Task to carry out: Please give the whole listing again exactly, without any of its pictures.

..............................

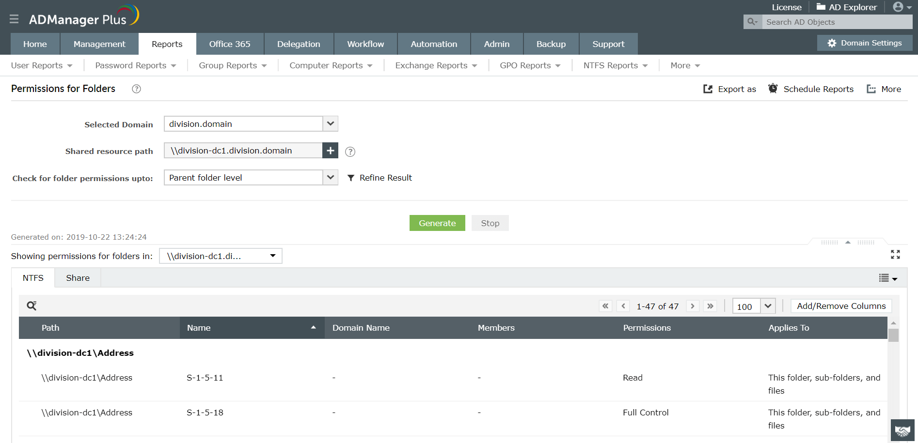 - Etki alanını seçin. Tercih edilen hesapları seçin ve onay kutularını seçerek veya bilgisayarı aramak için Hızlı bul özelliğini kullanarak Klasörleri Kontrol Et alanında bilgisayarı seçin. Generate seçeneğine tıklayın.
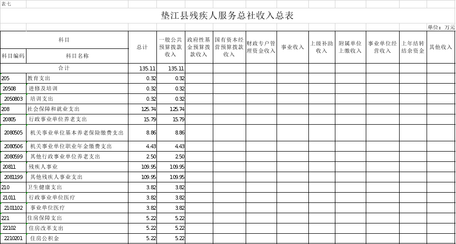 附表:1.垫江县残疾人服务总社财政拨款收支总表
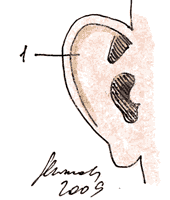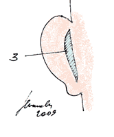 3. Удаляемый участок кожи на задней стороне ушной раковины
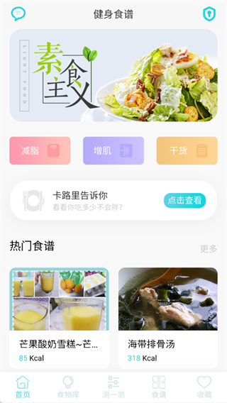 在首页可以快速浏览减脂、增肌、干货等分类内容,还有热门食谱推荐,能帮你找到适合自己的健康饮食方案。
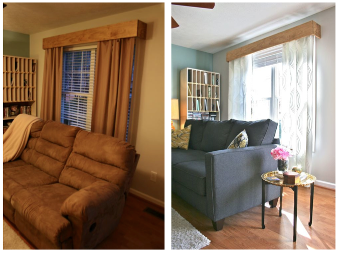Oh, and want to see what they looked like before? I am going to take you WAYYYYY back to when we still had John’s bachelor-days couch upstairs…These photos were taken in the evening so there’s not nearly as much light to contend with, but take my word that these drab, tabbed, tan curtains weren’t doing anything for the space whether there was light behind them or not.
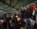 Er zijn na de wedstrijd geen wegwerpgebaren of boos naar binnen lopende spelers, maar we staan even stil om elkaar te bedanken. Zij ons voor de steun, zowel visueel als vocaal. Wij danken hun voor de drie punten. Als de spelers de warme en droge kleedkamer opzoeken, dringen we de trappen af.
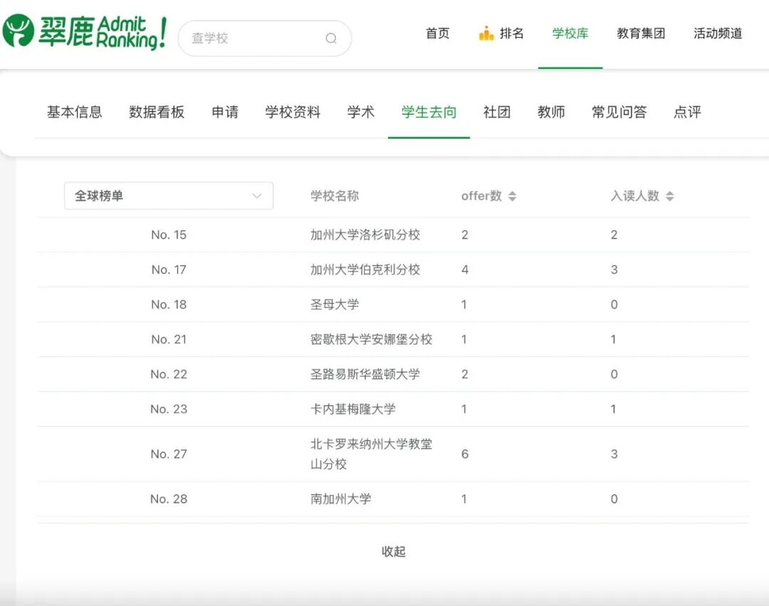 翠鹿旗下产品翠鹿升学榜自2018年起,系统性地收集分析中国学生获得全球顶尖名校的录取offer,至今已积累9个申请季、近40万条的录取数据。在此基础上,翠鹿国际学校数据库更新增了学生的入读信息,方便留学家庭了解学校毕业生的实际最终去向,从而了解国际学校的整体实力。
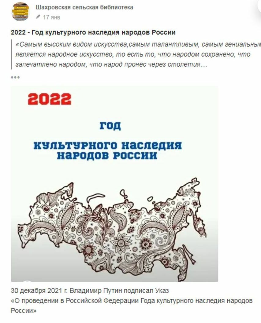 Шахровская сельская библиотека проинформировала пользователей о стартовавшем в России Годе культурного наследия народов России, организованного в целях популяризации народного искусства, сохранения культурных традиций, памятников истории и культуры, этнокультурного многообразия, культурной самобытности всех народов и этнических общностей России. Планы года огромны: этнофестивали, народные выставки, конкурсы, концерты, акции.
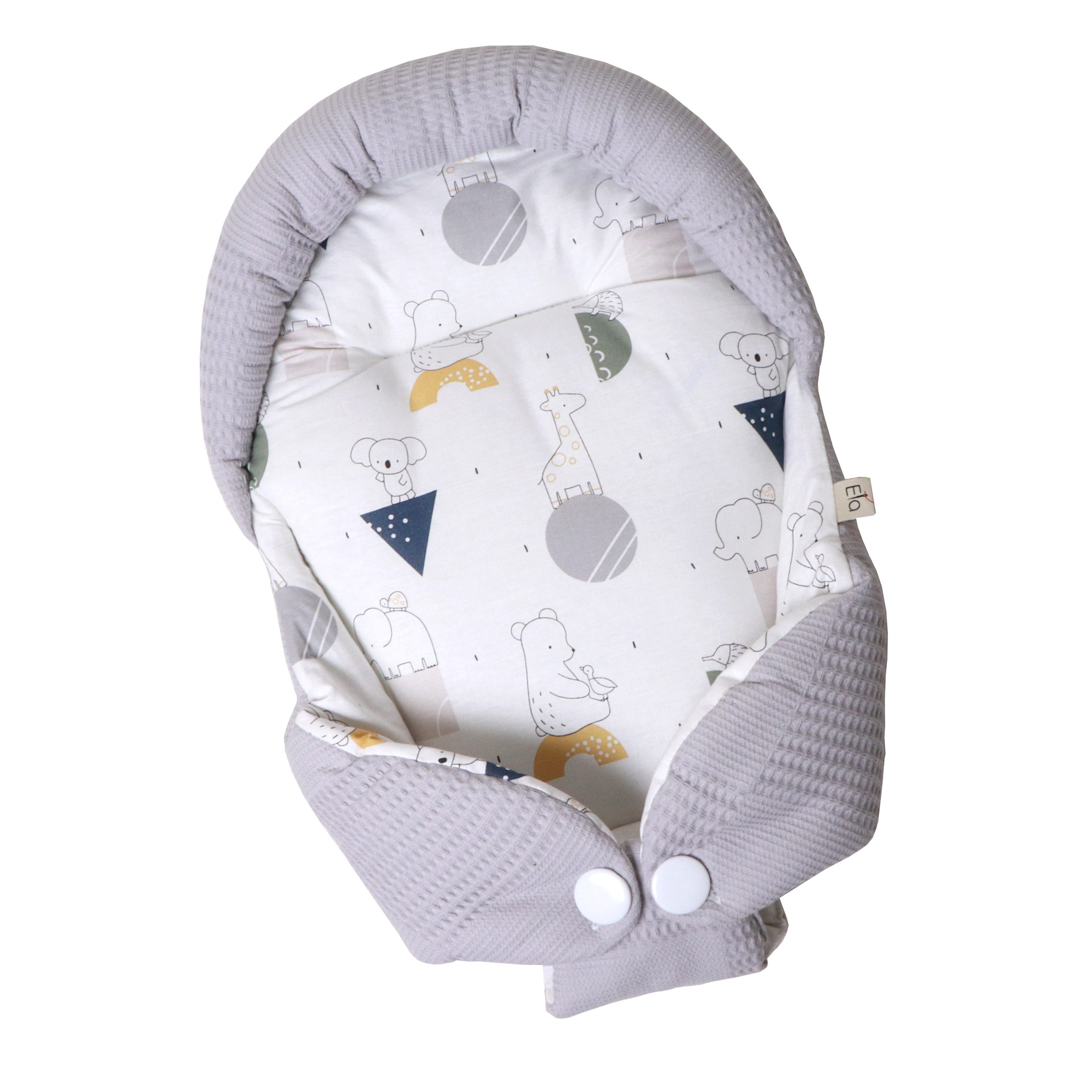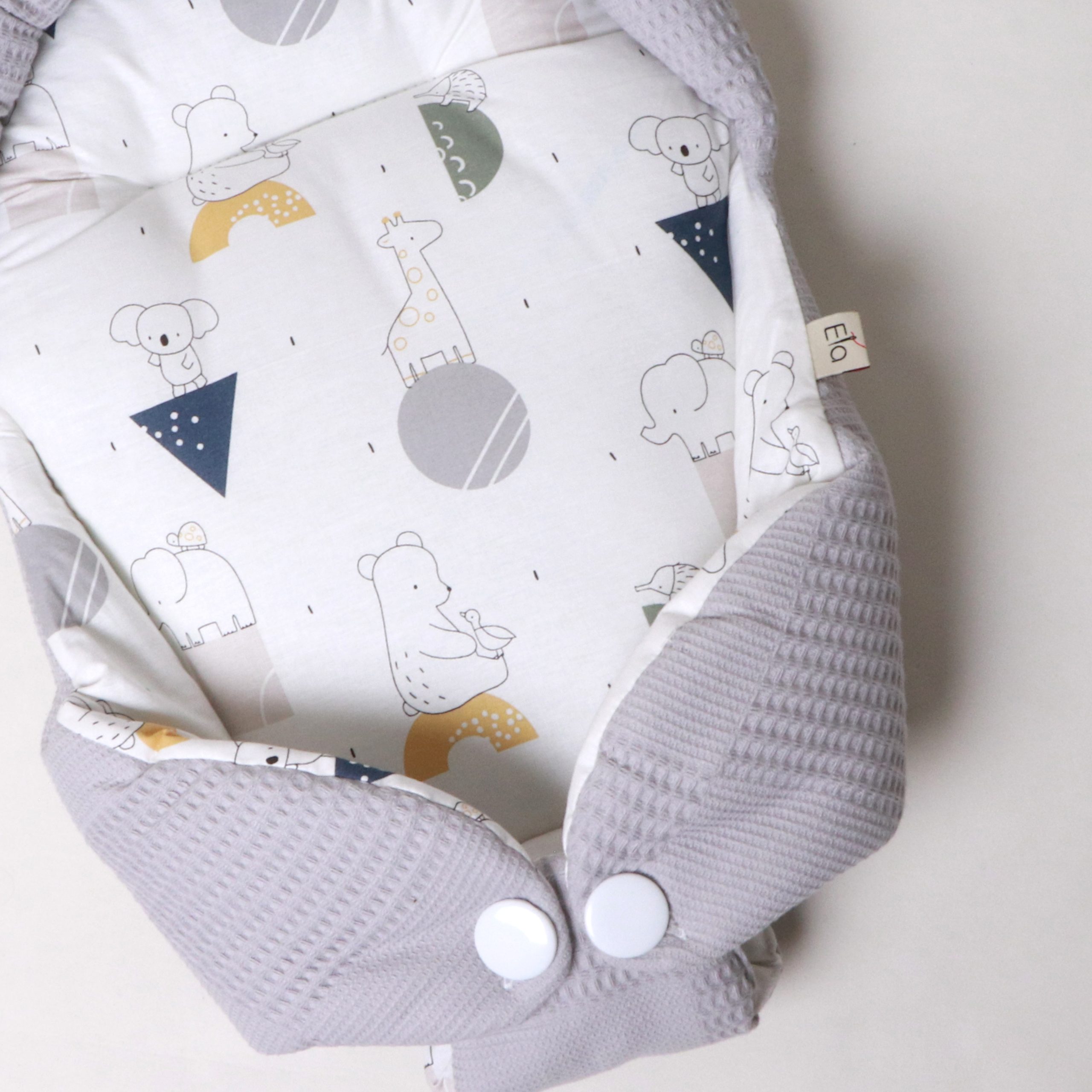 هنگام آغوش گرفتن نوزاد، احتیاط شرط عقل است. بغل کردن‌ نوزاد، در عین‌حال که بسیار شیرین است، سختی‌ها و دستورالعمل‌های ویژه‌ای دارد. آغوش‌گیر اِلا با طراحی ارگونومیک و پارچۀ کاملاً نخ‌پنبه، سه اصل مهم را هم‌زمان فراهم می‌کند: سلامت جسم، سلامت پوست، راحتی نوزاد. راحتی نوزاد به این دلیل است که فرم آغوش‌گیر، بدن نوزاد را در وضعیت طبیعی و جمع‌شده نگه می‌دارد و حس رحم مادر را تداعی می‌کند. به‌هیچ‌وجه پاهای نوزاد را از هم باز نکنید. این حالت پاهای جمع‌شده کاملاً طبیعی است و برای این است که نوزاد هنوز خودش را در شکم مادرش تصور می‌کند. سلامت جسم به این دلیل است که سر و‌ گردن نوزاد در یک‌ حالت نرمال و طبیعی قرار می‌گیرد و فشاری رو ستون مهره‌اش نمی‌آید. سلامت پوست به این دلیل است که پارچه‌ها ۱۰۰٪ نخ‌پنبۀ خالص هستند و هیچ‌گونه الیاف مصنوعی یا مواد شیمیایی در آن‌ها به‌کار نرفته است.

..............................

Answer below:
 - Etki alanını seçin. Tercih edilen hesapları seçin ve onay kutularını seçerek veya bilgisayarı aramak için Hızlı bul özelliğini kullanarak Klasörleri Kontrol Et alanında bilgisayarı seçin. Generate seçeneğine tıklayın.
 附表:1.垫江县残疾人服务总社财政拨款收支总表
 3. Удаляемый участок кожи на задней стороне ушной раковины
 在首页可以快速浏览减脂、增肌、干货等分类内容,还有热门食谱推荐,能帮你找到适合自己的健康饮食方案。
Oh, and want to see what they looked like before? I am going to take you WAYYYYY back to when we still had John’s bachelor-days couch upstairs…These photos were taken in the evening so there’s not nearly as much light to contend with, but take my word that these drab, tabbed, tan curtains weren’t doing anything for the space whether there was light behind them or not.
 Er zijn na de wedstrijd geen wegwerpgebaren of boos naar binnen lopende spelers, maar we staan even stil om elkaar te bedanken. Zij ons voor de steun, zowel visueel als vocaal. Wij danken hun voor de drie punten. Als de spelers de warme en droge kleedkamer opzoeken, dringen we de trappen af.
 翠鹿旗下产品翠鹿升学榜自2018年起,系统性地收集分析中国学生获得全球顶尖名校的录取offer,至今已积累9个申请季、近40万条的录取数据。在此基础上,翠鹿国际学校数据库更新增了学生的入读信息,方便留学家庭了解学校毕业生的实际最终去向,从而了解国际学校的整体实力。
 Шахровская сельская библиотека проинформировала пользователей о стартовавшем в России Годе культурного наследия народов России, организованного в целях популяризации народного искусства, сохранения культурных традиций, памятников истории и культуры, этнокультурного многообразия, культурной самобытности всех народов и этнических общностей России. Планы года огромны: этнофестивали, народные выставки, конкурсы, концерты, акции.
 هنگام آغوش گرفتن نوزاد، احتیاط شرط عقل است. بغل کردن‌ نوزاد، در عین‌حال که بسیار شیرین است، سختی‌ها و دستورالعمل‌های ویژه‌ای دارد. آغوش‌گیر اِلا با طراحی ارگونومیک و پارچۀ کاملاً نخ‌پنبه، سه اصل مهم را هم‌زمان فراهم می‌کند: سلامت جسم، سلامت پوست، راحتی نوزاد. راحتی نوزاد به این دلیل است که فرم آغوش‌گیر، بدن نوزاد را در وضعیت طبیعی و جمع‌شده نگه می‌دارد و حس رحم مادر را تداعی می‌کند. به‌هیچ‌وجه پاهای نوزاد را از هم باز نکنید. این حالت پاهای جمع‌شده کاملاً طبیعی است و برای این است که نوزاد هنوز خودش را در شکم مادرش تصور می‌کند. سلامت جسم به این دلیل است که سر و‌ گردن نوزاد در یک‌ حالت نرمال و طبیعی قرار می‌گیرد و فشاری رو ستون مهره‌اش نمی‌آید. سلامت پوست به این دلیل است که پارچه‌ها ۱۰۰٪ نخ‌پنبۀ خالص هستند و هیچ‌گونه الیاف مصنوعی یا مواد شیمیایی در آن‌ها به‌کار نرفته است.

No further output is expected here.